The robot apocalypse is coming, and it won’t be a fight for your lives, it will be a fight for your livelihood. This shouldn’t be a bad thing though. Computers were created to make lives easier, so that people would have more leisure time. This, for many people, hasn’t been the case. The idea of capitalism and the rules of supply and demand, is one that is slowly becoming obsolete. In the digital age, the rules are changing, and the idea of ownership has been challenged for the last decade and a half. “You wouldn’t download a car, would you?”, which is often the cry of anti-piracy legislators. If someone had the resources to do so, you can be certain they would.

To put things bluntly, if we manage this paradigm shift correctly, it could usher in the greatest renaissance the planet has ever seen. If we don’t, the inequality of the world could be gigantic, separating classes of people so thoroughly that they may as well be two different species.

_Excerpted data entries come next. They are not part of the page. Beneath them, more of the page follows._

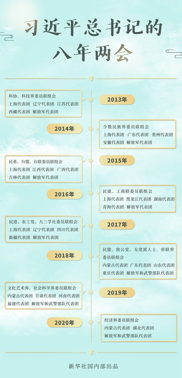 2013-2020,八年的全國(guó)兩會(huì)上,總書(shū)記46次到團(tuán)組參加審議討論。交流之中,語(yǔ)重心長(zhǎng);言談之間,發(fā)人深思。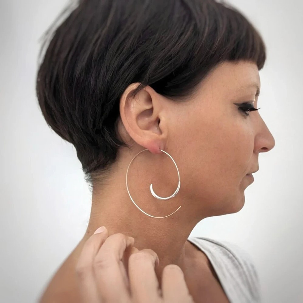 Large liquid drop round spiral earrings in sterling silver. Nickel FREE Large dangling spiral threaders in high polished silver with a weighted liquid drop at the end which lends itself the the elegant ondulating motion when worn. 1mm thick round silver wire threaders with a simple yet sleek design. Very popular for Tribal style Boho jewellery lovers. Flexible wire can be worn with ease and look stunning on. Buy Now! Dimensions: Spiral Diameter: 5.5 cm Weight: 6.7 grams per pair SOLD ONLY IN PAIRS! Delivery Information All items dispatched from the UK. Item will be carefully packaged in eco-packaging to safeguard it during delivery and with our branded satin pouch ready as a gift. Standard Tracked 48 Shipping with Royal Mail or Yodel included FREE . Tracking number details will be sent after dispatch (which is usually within 1 working day of purchase. Weekends/festivities excluded). Faster shipping options also available for the UK. Worldwide shipping available with Royal Mail Tracked & Signed. Returns accepted within 14 days of receipt. At customers’ expense.
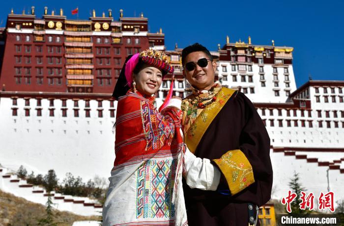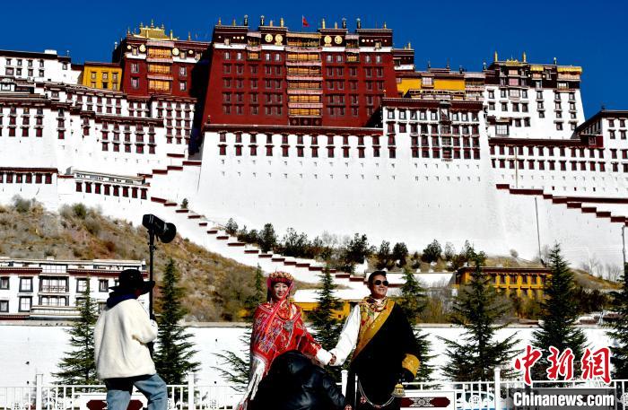 圖為12月3日,來自四川的勇忠阿旦(右一)和澤仁夏姆在布達(dá)拉宮廣場拍照留念。中新社記者 李林 攝
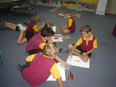 The management strategy in the game of one student as the Dice Roller, and the aim being to win the flat and become the Dice Roller, was stunning. Another key is using the calculator after using the wood to keep the on-going tally. The game ran itself and I was released to sit with any group or student and observe and evaluate their place value knowledge. The teams played for about 30 minutes then we recorded the wood each player had, and whose turn it was, and put the equipment to the side for another time. |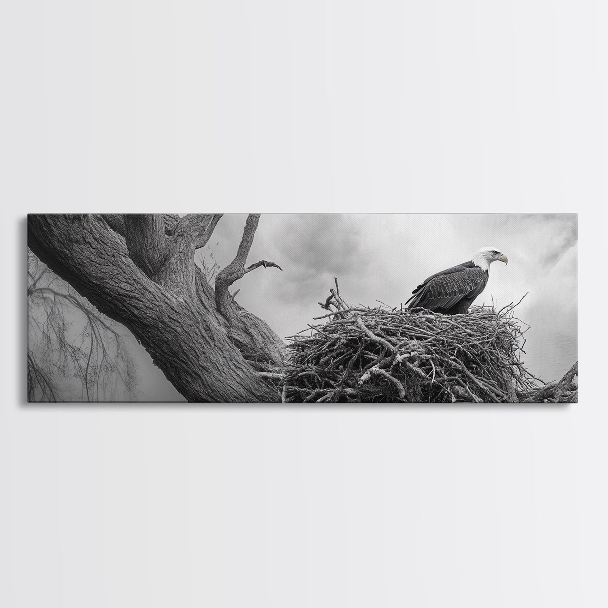 Bald Eagle Nest, Wildlife Art, Nature Photography, Moody Art, Rustic Decor, Horizontal Wall Art, Framed Canvas Print, Bedroom Art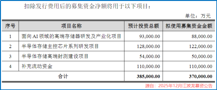 为进一步提升竞争力,江波龙在2025年12月推出37亿元定增计划,用于加码AI高端存储、主控芯片及高端封测。
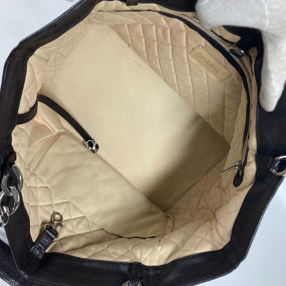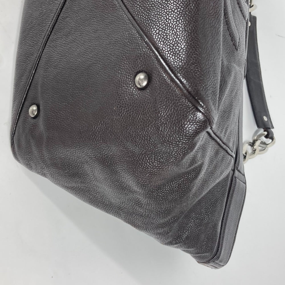 CHANEL Shoulder Bag Caviar skin Brown WChain CC COCO Mark DecaCoco Women Used Authentic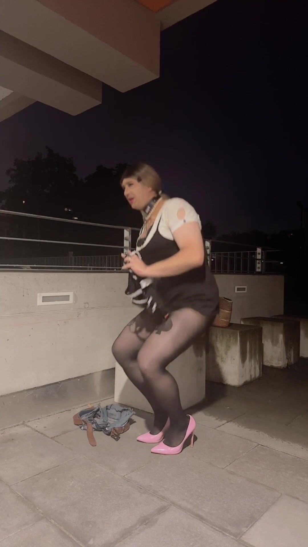 Sissy outside fuckbox and rump pluged and bang faux-cock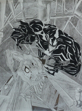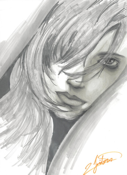 And I rarely use color for my drawings so when I went to find something to color the hair and eyes I found myself in a jam because I don't really have much color materials at hand.. soooo... I ended up buying a box of crayons..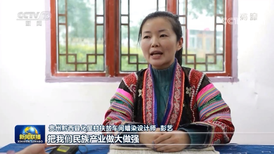 貴州黔西縣化屋村扶貧車間蠟染設(shè)計師彭藝:把我們民族產(chǎn)業(yè)做大做強,讓我們苗族同胞的生活,過得像我們蠟染刺繡一樣精彩。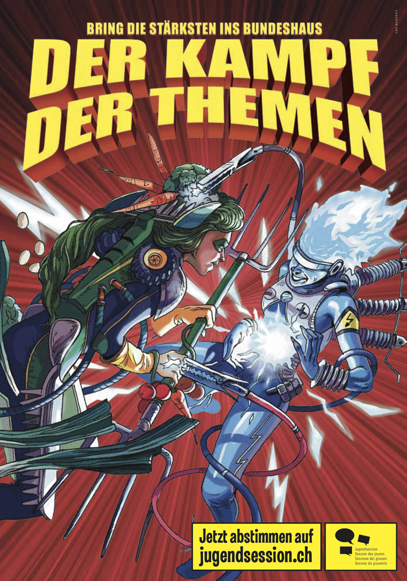 Leo Burnett Schweiz: Jugendsession ruft zum Kampf der Themen. Einmal im Jahr diskutiert die Jugend im Bundeshaus über Politik. Und worüber diskutiert wird, bestimmt sie auch – beim Themen-Voting auf jugendsession.ch. Für die nötige Aufmerksamkeit sorgen aktuell drei Sujets von Leo Burnett Schweiz. Unter dem Motto «Der Kampf der Themen – Bring die Stärksten ins Bundeshaus» zeigen in der Bildsprache klassischer Superhelden-Comics immer zwei der zur Wahl stehenden Themen im Kampf miteinander. So kämpft in einem der Sujets Drogenpolitik gegen Lobbying. In einem anderen Waffenexporte gegen Organspende. Und im dritten Sujet Ernährung und Landwirtschaft gegen Stromnetz.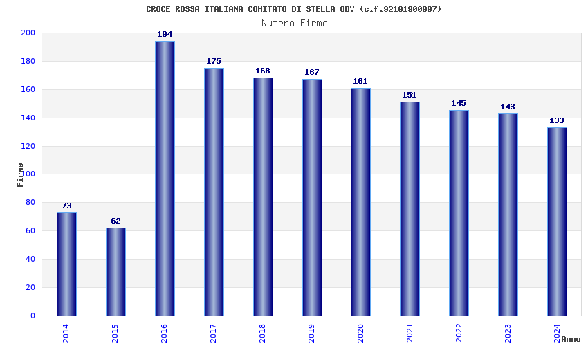| Anno | Firme | Importi | Media | Naz. | Reg. | Prov. | Comu. |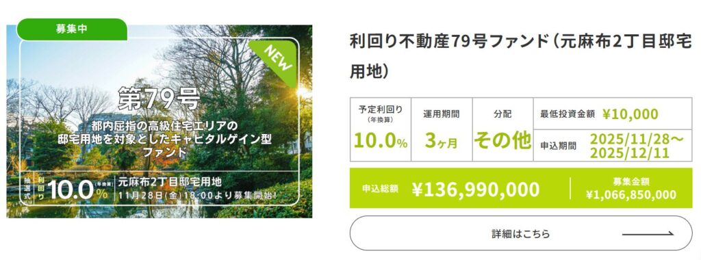 例えば、2023年10月に募集されたファンドでは、1万円から投資が可能で、利回りは6.5%、運用期間は18ヶ月でした。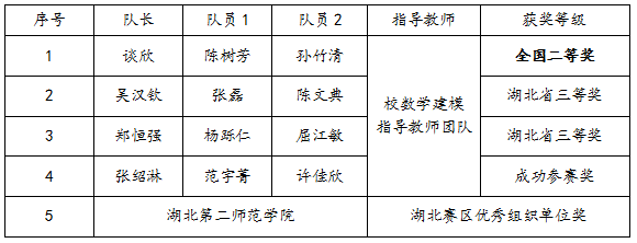 本网讯(通讯员 邹晓燕)11月10日,2023年“高教社杯”全国大学生数学建模竞赛成绩公布,BEAT365官网数学与统计学院共组织7支队伍参赛,斩获本科组全国二等奖1项、湖北省三等奖2项、成功参赛奖1项,BEAT365官网荣获湖北省赛区优秀组织单位奖。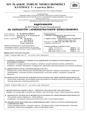 XIV ŚLĄSKIE FORUM NIERUCHOMOŚCI KATOWICE 5 – 6 czerwca 2014 r. Organizator: OGÓLNOPOLSKI INSTYTUT NIERUCHOMOŚCI Współorganizacja : GÓRNOŚLĄSKIE STOWARZYSZENIE ZARZĄDCÓW NIERUCHOMOŚCI STOWARZYSZENIE LICENCJONOWANYCH ZARZĄDCÓW NIERUCHOMOŚCI „POŁUDNIE” Patronat merytoryczny : POLSKA FEDERACJA ORGANIZACJI ZARZĄDCÓW I ADMINISTRATORÓW NIERUCHOMOŚCI OGÓLNOPOLSKA IZBA GOSPODARKI NIERUCHOMOŚCIAMI zaproszenie na XIV Śląskie Forum Nieruchomości dla ZARZĄDCÓW i ADMINISTRATORÓW NIERUCHOMOŚCI Termin szkolenia : 5 – 6 czerwca 2014 r. Miejsce szkolenia : ITB Katowice, al. W. Korfantego 191 Budynek „A” Kontakt z organizatorem : Tel.: 692-361-381 032/ 730-29-33 Fax : 032/ 730-29-43 E-mail : [email protected] Szkolenie prowadzone jest w ramach doskonalenia zawodowego zarządców i administratorów nieruchomości i uczestnictwo w Forum potwierdzone będzie ŚWIADECTWEM. Warunki uczestnictwa : 1. Odesłanie wypełnionej karty zgłoszenia do dnia 30-05-2014 r. 2. Wpłata na konto : Ogólnopolski Instytut Nieruchomości Gdańsk ul. Beniowskiego 84B Rachunek Nr 67 1050 1360 1000 0090 3030 9513 z dopiskiem FORUM 2014 3. Koszt uczestnictwa w szkoleniu wynosi : - część I (5.VI.2014 r.) 160,00 zł. + vat - część II (6.VI.2014 r.) 160,00 zł. + vat - blok (część I i II) (2x135,00) 270,00 zł. + vat FORUM: ZAKRES TEMATYCZNY SZKOLENIA Część I 5 czerwca 2014 godz.1000 czas trwania: 8 godz. edukacyjnych I. SAMOWOLA BUDOWLANA W REMONTACH, PRZEBUDOWACH I BIEŻĄCYCH KONSERWACJACH – KWALIFIKACJA ROBÓT. Formalności wymagane prawem związane z zamiarem przeprowadzenia remontu, przebudowy, rozbudowy, montażu. Dokumenty wymagane przy zgłoszeniu robót budowlanych i pozwoleniu na budowę. II. OPROGRAMOWANIE DLA POTRZEB MIESZKALNICTWA. Zintegrowany system informacyjny umożliwiający prowadzenie ewidencji rozrachunków z lokatorami i kontrahentami, rozliczanie kosztów nieruchomości, rozliczanie mediów, internetowy dostęp dla lokatorów. III. ROZWIĄZANIA TECHNICZNE W BEZPIECZNYM UŻYTKOWANIU NIERUCHOMOŚCI BUDYNKOWYCH. Nowoczesne technologie uszczelniające przewody kominowe chroniące przed zaczadzeniem i pożarami. Systemy skutecznej wentylacji pomieszczeń. Część II 6 czerwca 2014 godz.1000 czas trwania: 8 godz. edukacyjnych I. BEZPIECZEŃSTWO I HIGIENA PRACY – SZKOLENIA PRACODAWCÓW I PRACOWNIKÓW. Rodzaje i cel szkoleń bhp. Częstotliwość szkoleń i czas ich trwania. Formy i zakres tematyczny szkoleń. II. ROZWIĄZANIA TECHNICZNE W BEZPIECZNYM UŻYTKOWANIU NIERUCHOMOŚCI BUDYNKOWYCH. Nowoczesne systemy balkonowe - lekkie balkony. Urządzenia i rozwiązania zastosowań użytkowych wody i oczyszczania ścieków. III. UBEZPIECZENIE BUDYNKÓW ORAZ ODPOWIEDZIALNOŚĆ CYWILNA Z TYTUŁU ICH POSIADANIA I ZARZĄDZANIA NIMI.. Umowy ubezpieczeniowe - znaczenie zapisów. Likwidacja szkód z tytułu ubezpieczenia. Znaczenie protokołów okresowych przeglądów w procesie likwidacji szkód.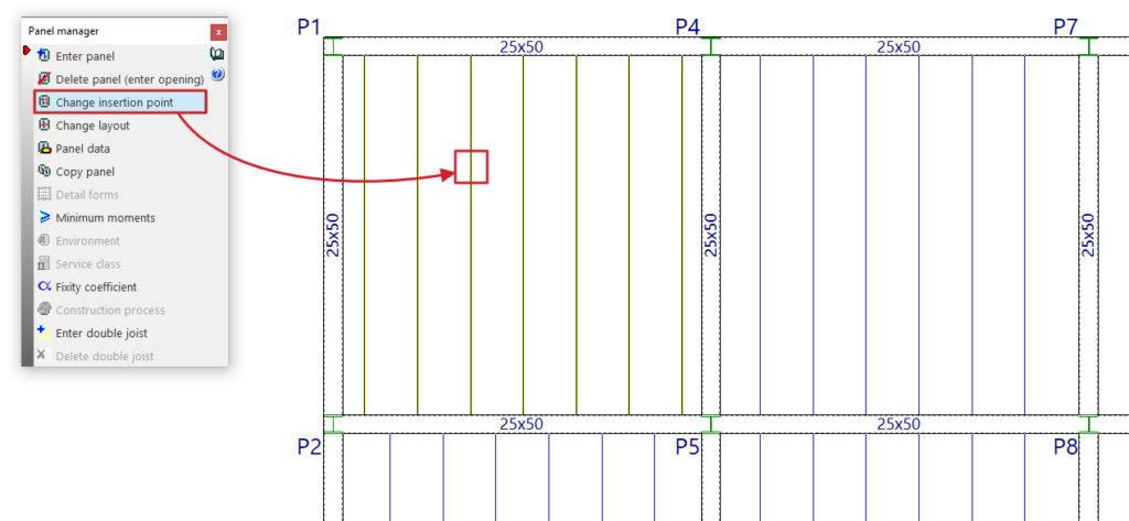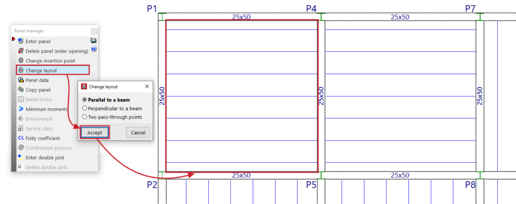 Tras aceptar el panel, se pulsa sobre el paño en planta. Si es necesario, se define después la dirección del armado, ya sea haciendo clic en una viga o seleccionando dos puntos, en función de la opción previamente elegida.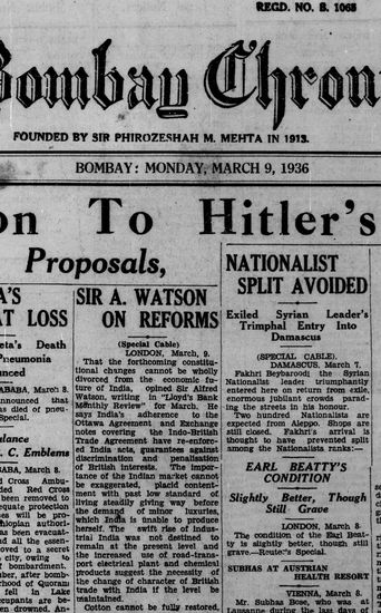 The Bombay Chronicle, 9 March 1936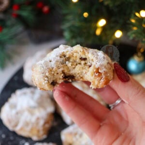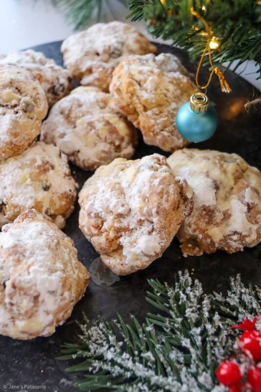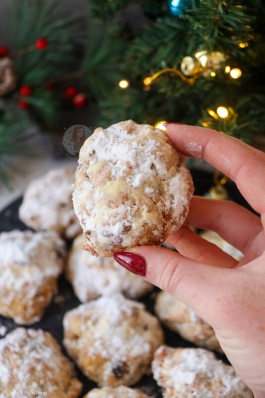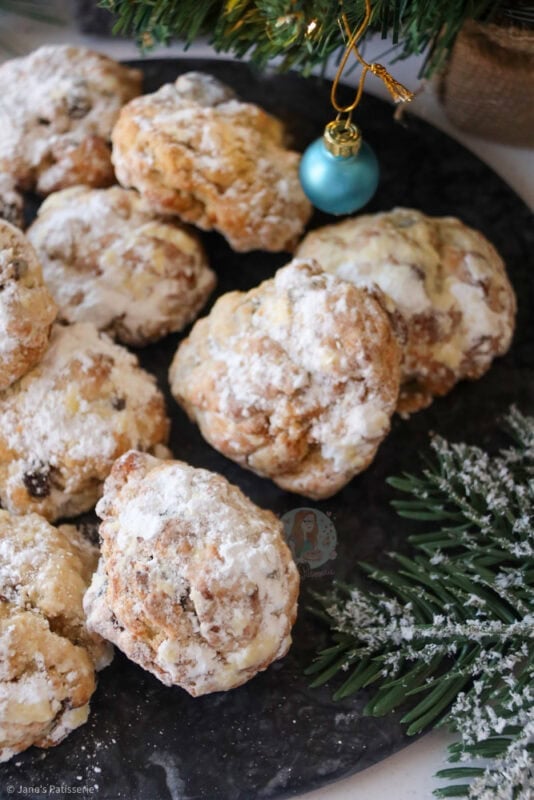 Delicious stollen bites made with marzipan, dried fruit, and dusted with icing sugar for the perfect festive treat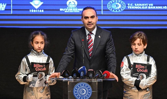 Burada bir konuşma yapan Kacır, kürsüye uzay ve havacılık atölyesi kıyafetleri giyen 10 yaşındaki Ayşe Meva Sadırlı ve Kemal Cabbar ile birlikte çıktı.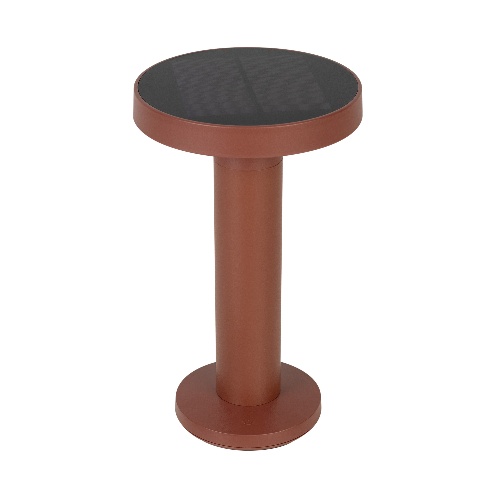 Настольный светильник со встроенным аккумулятором мощностью 1.4Вт, алюминиевый корпус, цвет кортен. Цвет теплый белый 2700K, св.поток 102 лм, CRI(Ra)>85, угол 105°. Размер Ø130x217, размер основания Ø92x18. IP54. Зарядка через кабель USB. Тип встроенного аккумулятора 2000мАч. Солнечная батарея 1.25Вт.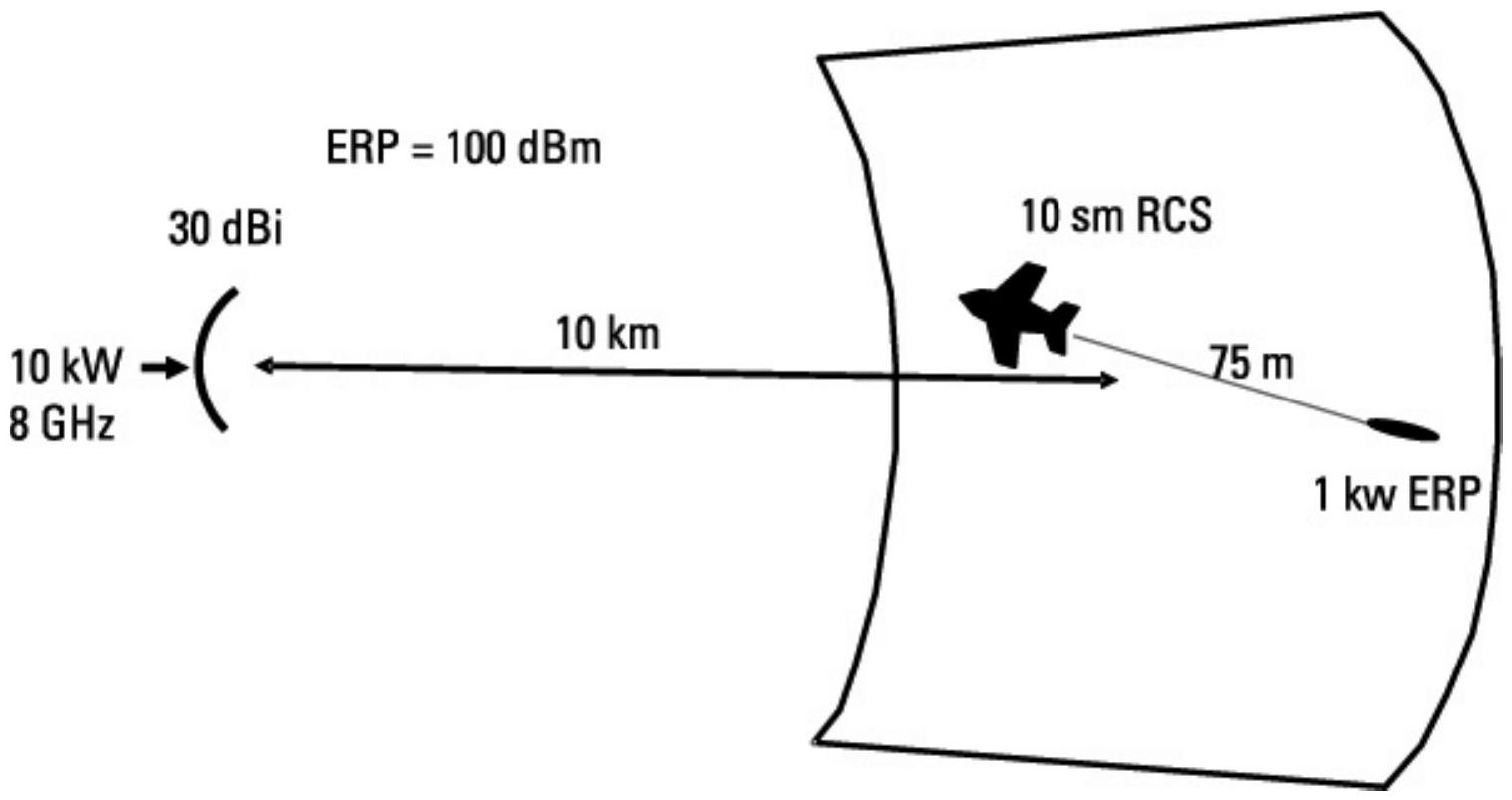 图 10.40 一台 1 kW ERP 的拖曳诱饵,位于距 100 dBm、8 GHz 雷达 10 km 处,将产生 \(125{,}893\text{ m}^2\) 的有效 RCS。

If they do actually create an artificial intelligence, one capable of real, rational thought, then I’m not sure how forward I’m looking to that. The last thing I want to do is deal with my toaster having an existential crisis when I want a bagel.


The Illustrious Mr. Charlton

P.s. the only reason people think that Judgement Day would happen is because humans either subjugate or eradicate every other species on the planet.

P.s.s. once again, the real enemy is MAN!

p.s.s.s. I took some leaps here, but would love to discuss it with anyone in the future.